Почему-то Вере резко расхотелось расспрашивать ее дальше. Появилось неприятное ощущение, что ее в чем-то подозревают.
– Загостилась я у вас, – слегка потянулась она, разминая затекшее тело. –
Спасибо за угощение! Не проводите меня в дом бабы Антонины?– А ты там что ли поселиться собралась?
Показалось Вере, или в голосе бабы Маши прозвучал страх? Не станет она никого слушать и ничего бояться! Нужно же ей все как следует изучить, записать… А времени на все про все не так уж и много.
– А что нельзя? Есть наследники на ее имущество?
– Да какие наследники! Мы ж думали, что у нее и родственников нет. Просто… не страшно тебе в доме, где покойница три дня лежала? Да и вообще…
Что она имела в виду под «вообще», Вера уточнять не стала, а про покойников у нее была собственная теория. Бабуля с детства приучила, что мертвых бояться не нужно, живые страшнее. Да и, судя по рассказам, плохого при жизни баба Антонина не творила. Так зачем ей после смерти свирепствовать?

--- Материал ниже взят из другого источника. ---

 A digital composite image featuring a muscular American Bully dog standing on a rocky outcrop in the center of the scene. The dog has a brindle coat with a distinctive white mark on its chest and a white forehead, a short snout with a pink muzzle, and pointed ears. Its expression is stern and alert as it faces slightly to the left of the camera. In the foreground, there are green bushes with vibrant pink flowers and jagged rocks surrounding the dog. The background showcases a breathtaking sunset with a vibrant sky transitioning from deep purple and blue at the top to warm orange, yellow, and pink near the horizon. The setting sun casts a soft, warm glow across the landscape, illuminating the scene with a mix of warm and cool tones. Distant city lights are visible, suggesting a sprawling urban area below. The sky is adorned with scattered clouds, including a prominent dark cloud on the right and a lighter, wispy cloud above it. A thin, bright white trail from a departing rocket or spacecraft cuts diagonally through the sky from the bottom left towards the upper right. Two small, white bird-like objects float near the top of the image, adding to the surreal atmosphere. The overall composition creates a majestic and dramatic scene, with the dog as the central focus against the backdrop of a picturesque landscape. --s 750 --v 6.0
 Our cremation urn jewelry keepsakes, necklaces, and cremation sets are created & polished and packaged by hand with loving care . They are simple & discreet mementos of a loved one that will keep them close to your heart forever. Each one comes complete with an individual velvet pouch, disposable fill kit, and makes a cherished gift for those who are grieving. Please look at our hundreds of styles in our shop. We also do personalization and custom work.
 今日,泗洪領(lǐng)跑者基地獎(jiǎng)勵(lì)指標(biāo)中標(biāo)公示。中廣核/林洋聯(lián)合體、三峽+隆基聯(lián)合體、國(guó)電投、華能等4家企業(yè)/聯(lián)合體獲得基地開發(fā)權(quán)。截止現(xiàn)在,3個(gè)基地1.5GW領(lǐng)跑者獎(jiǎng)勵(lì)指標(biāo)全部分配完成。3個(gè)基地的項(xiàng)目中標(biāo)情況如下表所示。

– Нет. Не боюсь. Отдам таким образом последний долг ей.
– Ну смотри… А то ж мы дом-то решили заколотить, мало ли что.
Опять недоговорки и этот странный тон! Веру ситуация уже начинала выводить из себя. Да и устала она. В сон клонило со страшной силой. Все-таки встала рано, да путь проделала нешуточный.
Как оказалось, баба Маша совсем недалеко жила от дома Антонины – через пару участков. И сам дом приятно поразил Веру – на фоне деревянных развалюх каменное строение выглядело добротно и надежно. Только огород был заброшен, сразу бросалось в глаза, и изгородь обрушилась в нескольких местах. Но это не беда – вряд ли Вере грозило посягательство со стороны односельчан покойной целительницы или диких зверей. Хотя, в последнем уверенность поколебалась – рядом начинался густой лес.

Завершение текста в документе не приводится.